Like Wimbledon, the Hahnenkamm has developed a hypnotic pre-race ritual. Every day, the tension rises; the bib-drawing ceremony to decide the starting order in the main square on Thursday evening, the sprint race on the Friday - won this year to the disgust of the Austrians by the Swiss Didier Cuche - and then the main attraction set before trainloads of garishly clad skiers who are disgorged on to Hahnenkamm station and swarm past the stalls selling gluhwein and the betting tents. The whole of Austria came to watch Klammer fly down the Hahnenkamm; yesterday, in the mysterious absence of their new wonder boy Hermann Maier, withdrawn earlier in the week, 25,000 came to witness a home victory.

Those who stayed away became the unwitting subjects of a ratings war between the national television stations and Eurosport, the satellite channel whose blanket coverage of skiing will culminate in a 16-day round- the-clock ski fest otherwise known as the Winter Olympics. Watch the Hahnenkamm on Eurosport and keep the channel tuned to Nagano in a fortnight. That is the theory, anyway. A lot of expectation was shoehorned into the row of commentary cabins at the side of the finish line, and it was there that an unchoreographed piece of drama unfolded on Friday morning.
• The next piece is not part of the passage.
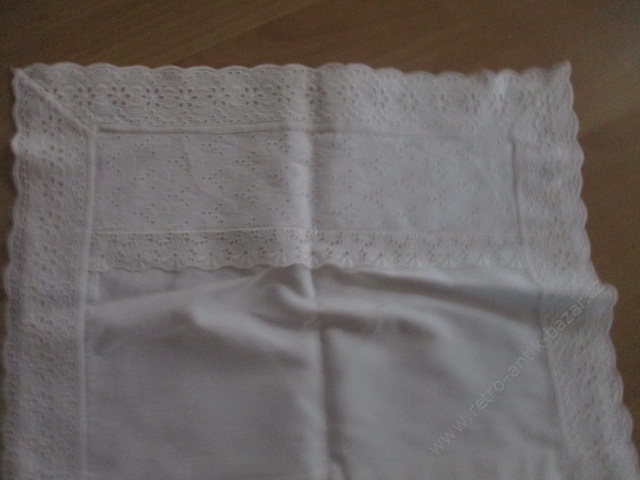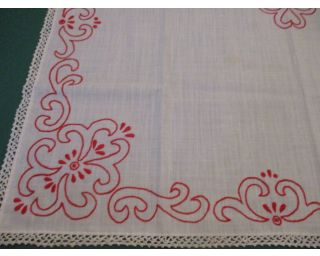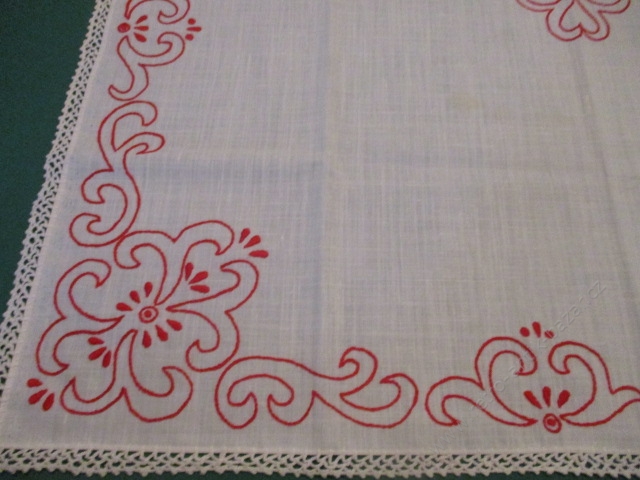 Vyšívaný ubrus, lidový vzor - rozměry: 80x85 cm. Jedná se o červenou výšivku na bílém podkladu. Okraj ubrusu je obháčkován bílou kraječkou. Dva neznatelné flíčky, nálezový stav.

Back on his bedroom wall in Toronto, Brian Stemmle has a poster of a skier vaulting down the Hahnenkamm. It is Stemmle himself in a photo taken just five seconds before he crashed, rupturing his spleen in an accident graphically known in the trade as a "wishbone". Stemmle had only a 50 per cent chance of survival but three years on he raced down the Hahnenkamm again. "There were a lot of bad things going through my mind," he says now. "I kept thinking what if it happened again. But slowly I got more confident and I let my sub-conscious take over. I still think about the accident every time I go past, but I say to myself 'forward, forward' because you must never sit back, you have to attack."

On Friday, the Canadian had finished his sprint run and was co-commentating for Eurosport when Roland Assinger inexplicably lost his lower ski on a sweeping right-hand bend and fell heavily into the safety netting. The Austrian lay motionless in the snow surrounded by paramedics before being airlifted to hospital by helicopter with injuries to ankle and shoulder. Downhillers will turn away from accidents on television at the best of times, but for Stemmle watching on the monitor below Assinger's prostrate body unearthed uncomfortable emotions. Silent tears swept over the Canadian's stubbled chin before he recovered enough to give his audience an articulate and expressive description of the scene. "All Roland's friends should know he's in expert hands," Stemmle told viewers without a hint of how he came to that truth.

Assinger's accident on the shortened course reminded everyone that, even with the bypass of the feared Zielschusskante and a re-routing on to the women's slalom course, the Hahnenkamm retains its bite. The top section alone, out of the gate and down through the Mousetrap, the first of the jumps, is a 30-second examination of the soul which would last most of us a lifetime. Graham Bell finds himself dreaming of the Hahnenkamm in mid-summer, so deeply is it buried in his sub-conscious. Stemmle has only to look at his wall. "It's a good reminder of what life is like, that you mustn't take anything for granted. You never know what's just around the corner."